Frontiers reaches 6.4 on Journal Impact Factors

Original Research ARTICLE

Front. Phys., 26 July 2016 | https://doi.org/10.3389/fphy.2016.00031

Direct Transfer of Metallic Photonic Structures Onto End Facets of Optical Fibers

Xinping Zhang*, Feifei Liu and Yuanhai Lin
  • Institute of Information Photonics Technology and College of Applied Sciences, Beijing University of Technology, Beijing, China

We present a flexible approach to transfer metallic photonic crystals (MPCs) onto end facets of optical fibers. The MPCs were initially fabricated on a glass substrate with a spacer layer of indium tin oxide (ITO), which was used as a buffer layer in the transferring process. The fiber ends were firstly welded on the top surface of the MPCs by a drop of polymer solution after the solvent evaporated. The ITO layer was then etched by hydrochloric acid (HCl), so that the MPCs got off the substrate and were transferred to the fiber ends. Alternatively, the MPCs may be also etched off the substrate first by immersing the sample in HCl. The ultra-thin MPC sheet consisting of gold nanolines interlaced with photoresist gratings was then transferred to cap the fiber ends. In the later approach, we can choose which side of the MPCs to be used as the contact with the fiber facet. Such methods enabled convenient nano-structuring on optical fiber tips and achieving miniaturized MPC devices with compact integration, extending significantly applications of MPCs. In particular, the fabrications presented in this manuscript enrich the lab-on-fiber engineering techniques and the resultant devices have potential applications in remote sensing and detection systems.

Introduction

Integration of photonic structures onto the end facets of optical fibers attracted extensive research interests for achieving miniaturized devices of multifold functions [16]. A variety of techniques have been reported for direct nano-structuring [7, 8] or indirect photonic nano-transferring on the fiber ends [9, 10]. However, due to the small area of the end facet of an optical fiber and difficulties in managing flexible fibers in conventional nano-fabrication systems, multiple challenges need to be overcome in direct approaches. In contrast, it is much more convenient to fabricate high-quality large-area photonic structures on planar substrates than on fiber ends, therefore, the indirect techniques generally facilitate more flexible and more promising device engineering. Furthermore, the indirect methods also lower the requirements on the materials for nano-structuring. In this case, all of the challenges are moved to the transferring techniques. Nanoimprinting lithography [11, 12] and capping with mechanical contact [13, 14] are some typical methods for fiber-end-based nano-transferring techniques. We have also demonstrated nano-structuring techniques for sensing and lasing devices [15, 16].

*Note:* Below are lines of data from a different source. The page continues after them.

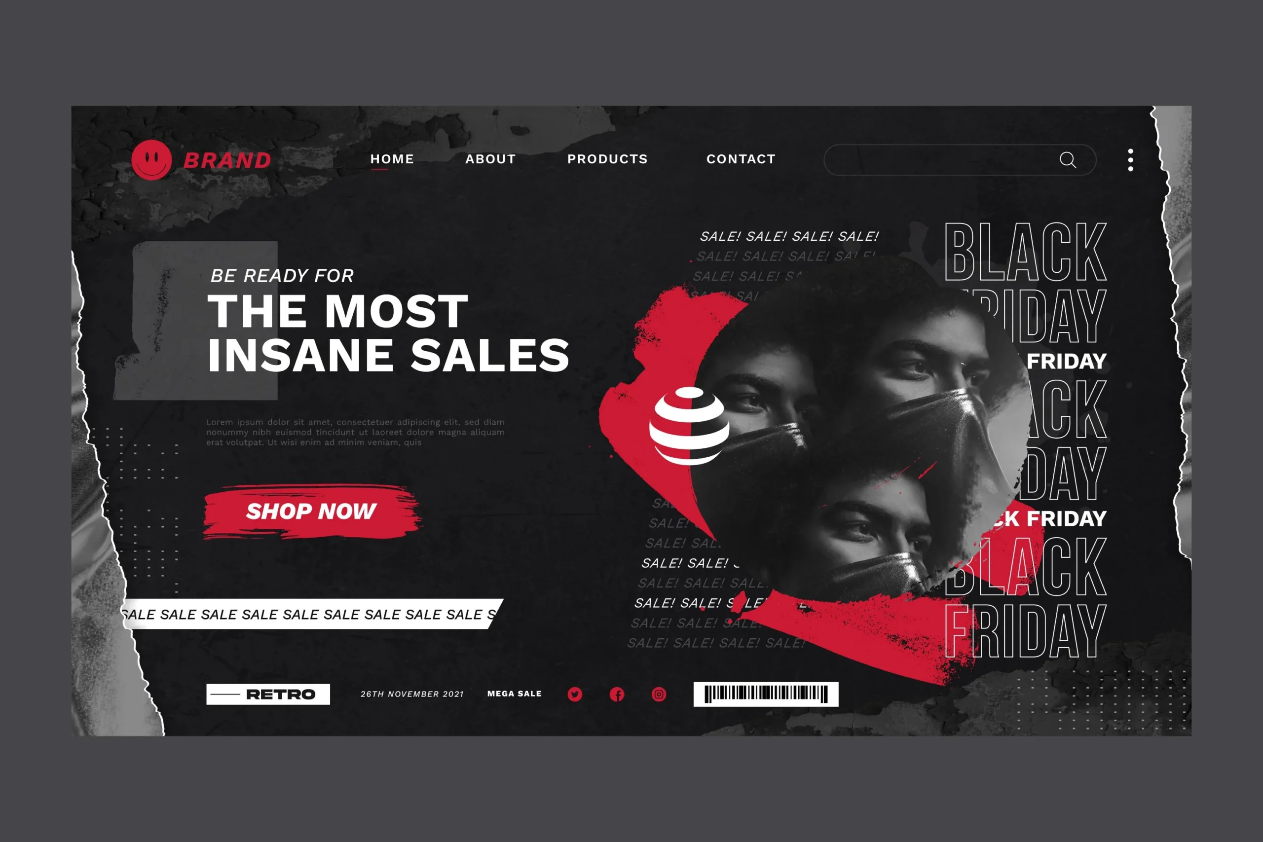 Terinspirasi dari majalah RAW dan estetika punk rock, brutalism modern Menunjukan kejujuran visual, menyingkirkan dekorasi yang tidak perlu dan menampilkan desain apa adanya.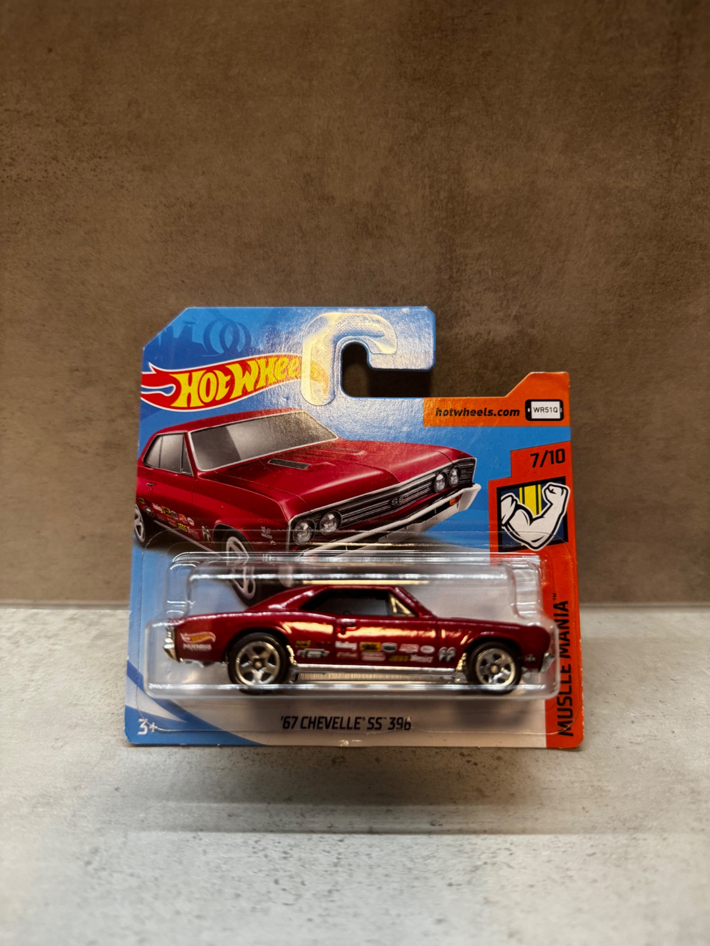 Ikonický americký muscle car '67 Chevrolet Chevelle SS 396 v sérii Hot Wheels Muscle Mania. Model v temně červeném laku doplněný závodními sponzorskými potisky a chromovanými detaily krásně vystihuje drsný charakter klasických dragsterů 60. let.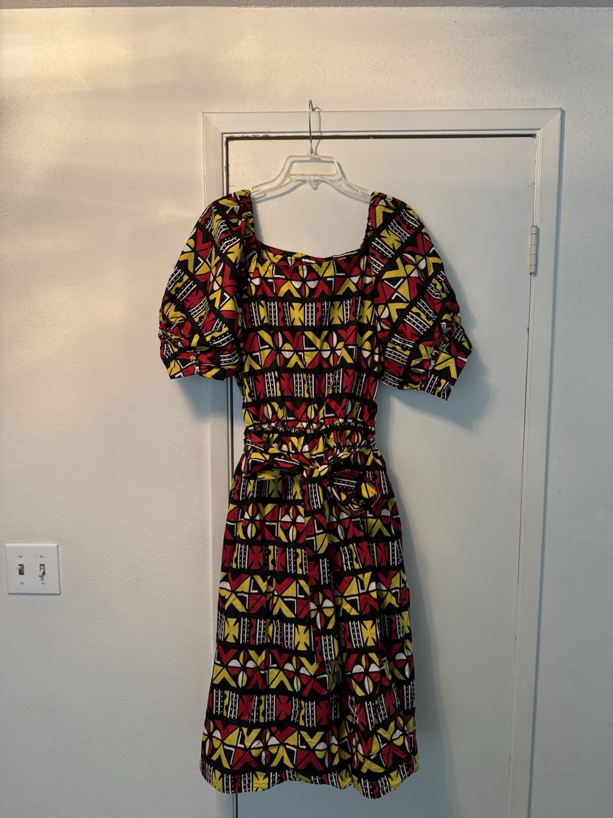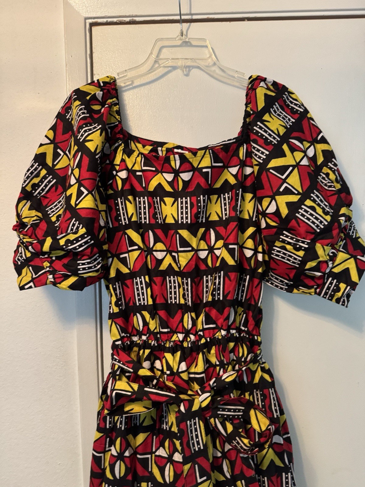 как выглядит AFRICAN PRINT LADIES MIDI DRESS WITH SQUARE NECK ,PUFF SLEEVES BELT EUC фото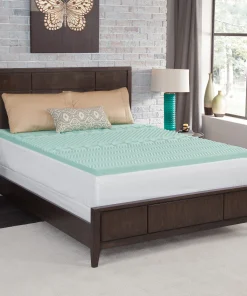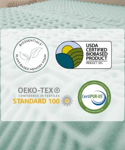 Instantly upgrade your sleep with targeted comfort and reversible support with the Dream Serenity 1.5" EcoZone Cooling Reversible Memory Foam Mattress Topper. This topper features proprietary Biossentials memory foam which provides superior pressure relieving comfort while being better for the environment. Â The foam features a USDA BioPreferred certification using certified bio-based memory foam which is naturally cooler and more breathable with the same pressure-relieving qualities as traditional memory foam while also replacing traditional petroleum-based with sustainable soy-based chemistry. The topper also features reversible comfort options with 5-zoned massaging comfort on one side and targeted support on the other. This product is OEKO-TEX Standard 100 certified and the memory foam is also 100% CertiPUR-US Certified ensuring the product is made without harmful chemicals and is tested by independent labs to meet rigorous standards for content, emissions, durability, and performance. Ships compressed and rolled to conveniently arrive at your doorstep for easy setup. Made in the USA. Â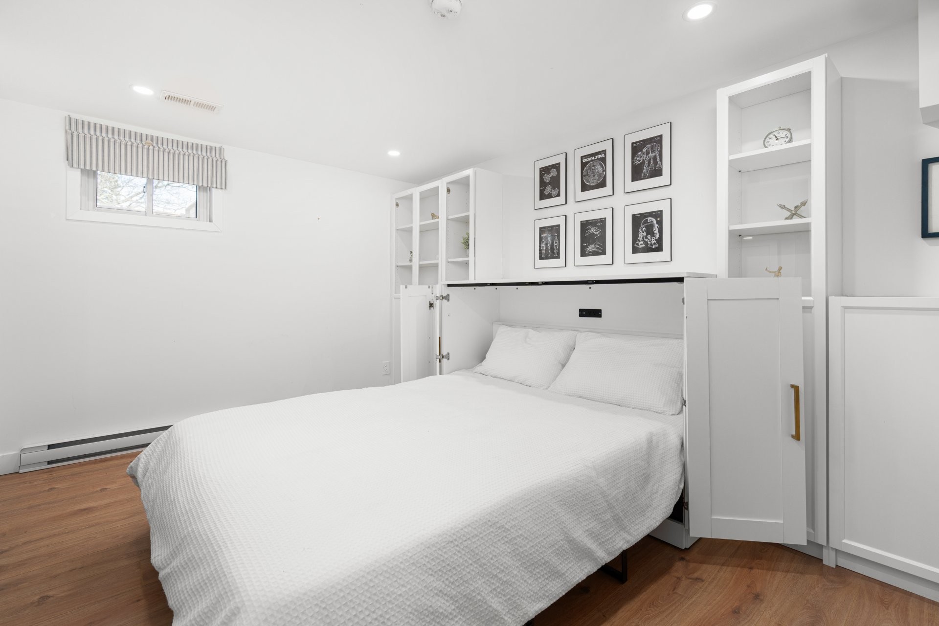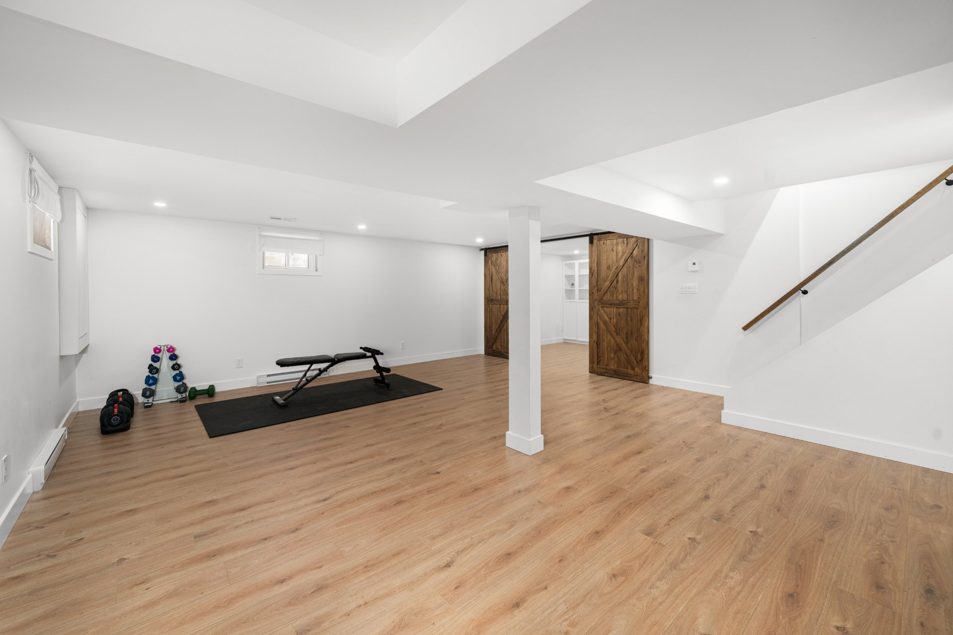 Le sous-sol entièrement rénové ajoute un espace de vie précieux, comprenant une grande salle de jeux, une cinquième chambre (ou bureau) dotée d'un lit escamotable, ainsi qu'une salle de bain moderne avec planchers chauffants.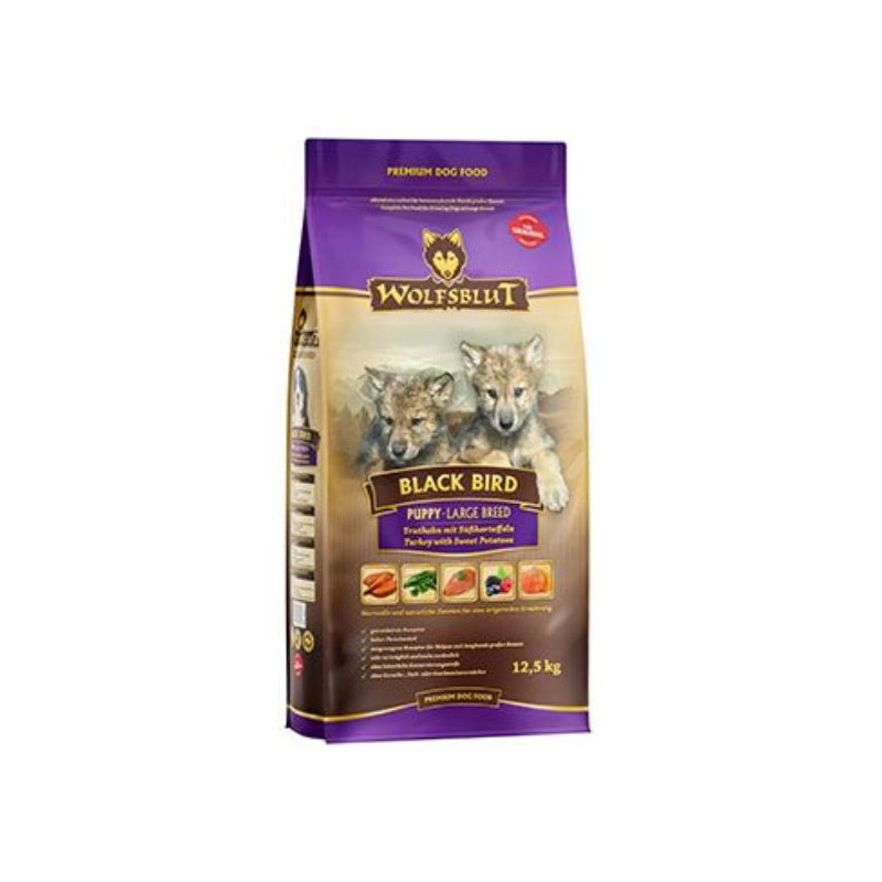 Vlci loví svou kořist od Skalistých hor Severní Ameriky, arktické tundry, hor a lesů Evropy až po pouště a stepi střední Asie. To jim dodává maso a vnitřnosti bohaté na živiny, ale také zeleninu, ovoce, bobule, kořeny a bylinky z obsahu žaludku kořisti. Obilí zde není zahrnuto. Vlk tak přijímá potřebné vitamíny, minerály, stopové prvky, enzymy a druhotné rostlinné látky. Vzhledem k tomu, že vlk je předkem všech psů, naše suché krmivo pro psy Wolfsblut je založeno na přirozených stravovacích návycích vlka. Obsahuje hodně masa nebo ryb v kombinaci se superpotravinami, které obsahují hodnotné ingredience – stejně jako v přírodě, bez obilovin. Náš výběr výjimečných druhů masa a superpotravin bohatých na živiny vychází z vlčích biotopů a jejich pestré stravy. Wolfsblut nabízí každému psovi druhově vhodnou a originální stravu a díky rozmanitosti odrůd si každý najde něco, co snese. Receptura suchého krmiva BLACK BIRD Puppy Large Breed kombinuje výživu vlků s nejnovějšími vědeckými poznatky o správné výživě psů.

Here we can define direct and indirect transfer methods, where direct transfer means that the transferred photonic structures are the same as those initially fabricated, however, in the indirect processes the transferred structures are different from the precursor or the template in materials or in the reversal configuration. Thus, nanoimprinting transfer [10] or masked etching transfer [17] are indirect techniques. In this work, we demonstrate practical techniques for direct transferring the precursor metallic photonic crystals (MPCs) originally fabricated on planar glass substrate to end facets of optical fibers. A buffer layer of indium tin oxide (ITO) is crucial for these nano-transferring techniques, which not only favors high-quality nano-fabrication and nano-characterization, but also enables easy lift-off between the photonic structures and the substrate due to its easy dissolution in hydrochloric acid. In particular, this technique is preferable for batch fabrication with high success rate.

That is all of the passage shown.